We use software every day to perform all kinds of magical, powerful tasks. It's the force behind stunning CGI graphics, safe online shopping, and speedy Google searches. Software drives the modern world, but its inner workings remain a mystery to many. How Software Works explains how computers perform common-yet-amazing tasks that we take for granted every day. Inside you'll learn: –How data is encrypted –How passwords are used and protected –How computer graphics are created –How video is compressed for streaming and storage –How data is searched (and found) in huge databases –How programs can work together on the same problem without conflict –How data travels over the Internet How Software Works breaks down these processes with patient explanations and intuitive diagrams so that anyone can understand—no technical background is required, and you won't be reading through any code. In plain English, you'll examine the intricate logic behind the technologies you constantly use but never understood. If you've ever wondered what really goes on behind your computer screen, How Software Works will give you fascinating look into the software all around you.

A Practitioner's Guide to Software Test Design


Author: Lee Copeland
Publisher: Artech House
ISBN: 9781580537322
Category: Computers
Page: 274
View: 1939
DOWNLOAD NOW »
HereOCOs a comprehensive, up-to-date and practical introduction to software test design. This invaluable book presents all the important test design techniques in a single place and in a consistent, and easy-to-digest format. An immediately useful handbook for test engineers, developers, quality assurance professionals, and requirements and systems analysts, it enables you to: choose the best test case design, find software defects in less time and with fewer resources, and develop optimal strategies that help reduce the likelihood of costly errors.
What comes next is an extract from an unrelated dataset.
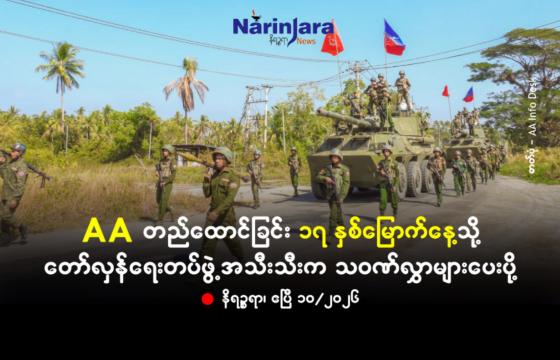 တိုက်ပွဲဖြစ်ပွားနေသည့် ရခိုင်ပြည်၊ကျောက်ဖြူမြို့နယ်မှ နယ်ဖက်သွားသည့် စက်လှေများပေါ်မှ အမျိုးသမီးများအပါအဝင်၂၃ ဦးကို အကြမ်းဖက်စစ်တပ်၏စစ်ရေယာဉ်တစ်စီးမှ ဖမ်းဆီးသွားကြောင်း သတင်းရရှိသည်။

It also assists you in estimating the effort, time and cost of good testing."

The Way of the Web Tester

A Beginner's Guide to Automating Tests
Author: Jonathan Rasmusson
Publisher: Pragmatic Bookshelf
ISBN: 1680505149
Category: Computers
Page: 258
View: 2649
DOWNLOAD NOW »
This book is for everyone who needs to test the web. As a tester, you'll automate your tests. As a developer, you'll build more robust solutions. And as a team, you'll gain a vocabulary and a means to coordinate how to write and organize automated tests for the web. Follow the testing pyramid and level up your skills in user interface testing, integration testing, and unit testing. Your new skills will free you up to do other, more important things while letting the computer do the one thing it's really good at: quickly running thousands of repetitive tasks. This book shows you how to do three things: How to write really good automated tests for the web. How to pick and choose the right ones. * How to explain, coordinate, and share your efforts with others. If you're a traditional software tester who has never written an automated test before, this is the perfect book for getting started. Together, we'll go through everything you'll need to start writing your own tests. If you're a developer, but haven't thought much about testing, this book will show you how to move fast without breaking stuff. You'll test RESTful web services and legacy systems, and see how to organize your tests. And if you're a team lead, this is the Rosetta Stone you've been looking for. This book will help you bridge that testing gap between your developers and your testers by giving your team a model to discuss automated testing, and most importantly, to coordinate their efforts. The Way of the Web Tester is packed with cartoons, graphics, best practices, war stories, plenty of humor, and hands-on tutorial exercises that will get you doing the right things, the right way.